I don't fully follow yet, but I leave a quick guess: I suspect an instance of HLTPrescaleProvider (created by BPHMonitor) is creating a L1TGlobalUtil which in turn makes a L1TGlobalUtilHelper with empty InputTags, and that could lead to the routine searching for the preferred input collection, then the warning/error (links below).

Just for my education: in IB CMSSW_12_5_X_2022-08-09-1100, I see 11634.911 failing for el8_amd64_gcc1*, but not for slc7_amd64_gcc10. Why is that?


https://github.com/cms-sw/cmssw/blob/e52f99a59bb77ceec0102769446b26c321662ae8/DQMOffline/Trigger/plugins/BPHMonitor.cc#L237 https://github.com/cms-sw/cmssw/blob/e52f99a59bb77ceec0102769446b26c321662ae8/HLTrigger/HLTcore/interface/HLTPrescaleProvider.h#L126 https://github.com/cms-sw/cmssw/blob/e52f99a59bb77ceec0102769446b26c321662ae8/L1Trigger/L1TGlobal/interface/L1TGlobalUtil.h#L255 https://github.com/cms-sw/cmssw/blob/e52f99a59bb77ceec0102769446b26c321662ae8/L1Trigger/L1TGlobal/interface/L1TGlobalUtilHelper.h#L95

Dr15Jones commented 2 years ago

So there appears to be a 'hidden' use of L1TGlobalUtilHelper in BPHMonitor and it is passed the "wrong" configuration.

https://github.com/cms-sw/cmssw/blob/e52f99a59bb77ceec0102769446b26c321662ae8/DQMOffline/Trigger/plugins/BPHMonitor.cc#L237

where the module's full configuration is passed in which goes to https://github.com/cms-sw/cmssw/blob/e52f99a59bb77ceec0102769446b26c321662ae8/HLTrigger/HLTcore/interface/HLTPrescaleProvider.h#L126

which goes to https://github.com/cms-sw/cmssw/blob/e52f99a59bb77ceec0102769446b26c321662ae8/L1Trigger/L1TGlobal/interface/L1TGlobalUtil.h#L255

and finally to

https://github.com/cms-sw/cmssw/blob/e52f99a59bb77ceec0102769446b26c321662ae8/L1Trigger/L1TGlobal/interface/L1TGlobalUtilHelper.h#L107-L117

and the top level configuration for the module (which is what was passed) is of no use here and therefore we get the bad behavior.

Dr15Jones commented 2 years ago

So the question is, what is the purpose of the HLTPrescaleProvider in BPHMonitor and how was is SUPPOSED to be configured?

makortel commented 2 years ago

Just for my education: in IB CMSSW_12_5_X_2022-08-09-1100, I see 11634.911 failing for el8_amd64_gcc1*, but not for slc7_amd64_gcc10. Why is that?

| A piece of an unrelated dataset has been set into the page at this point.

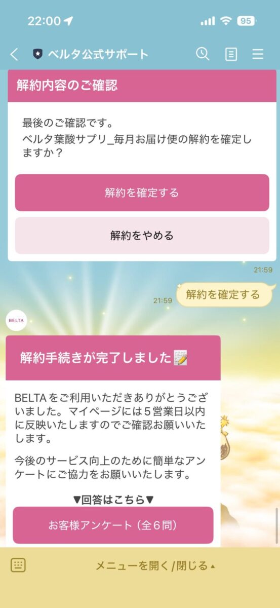 ベルタの解約や産後サプリへの切り替えは、公式LINEから簡単にできた。
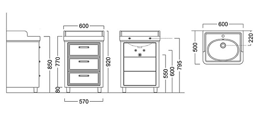 Тумба под раковину Pompei 60, 3 ящика, белая

No clue, but I'm also wondering why we see the failures only in the .911 (DD4Hep) and .914 (DDD) workflow variations rather than everywhere.

Dr15Jones commented 2 years ago

I feel that the underlying failure in the design of this code is the use of existAs to test if a parameter is available.

missirol commented 2 years ago

So the question is, what is the purpose of the HLTPrescaleProvider in BPHMonitor

It is used in various ways inside BPHMonitor, for one to get the value of the prescale(s) of certain triggers, and this info is used to fill certain DQM outputs.

and how was is SUPPOSED to be configured?

I'd say using gtStage2Digis.

Taking wf 11634.911 as an example, hltGtStage2Digis (L1T digis of step-2) and gtStage2Digis (L1T digis of step-3) are not literally the same, but I think they are effectively the same [*]. Other parts of the DQM module of type BPHMonitor (and this likely applies to other DQM modules) use gtStage2Digis, so that would likely be the one to pass to HLTPrescaleProvider.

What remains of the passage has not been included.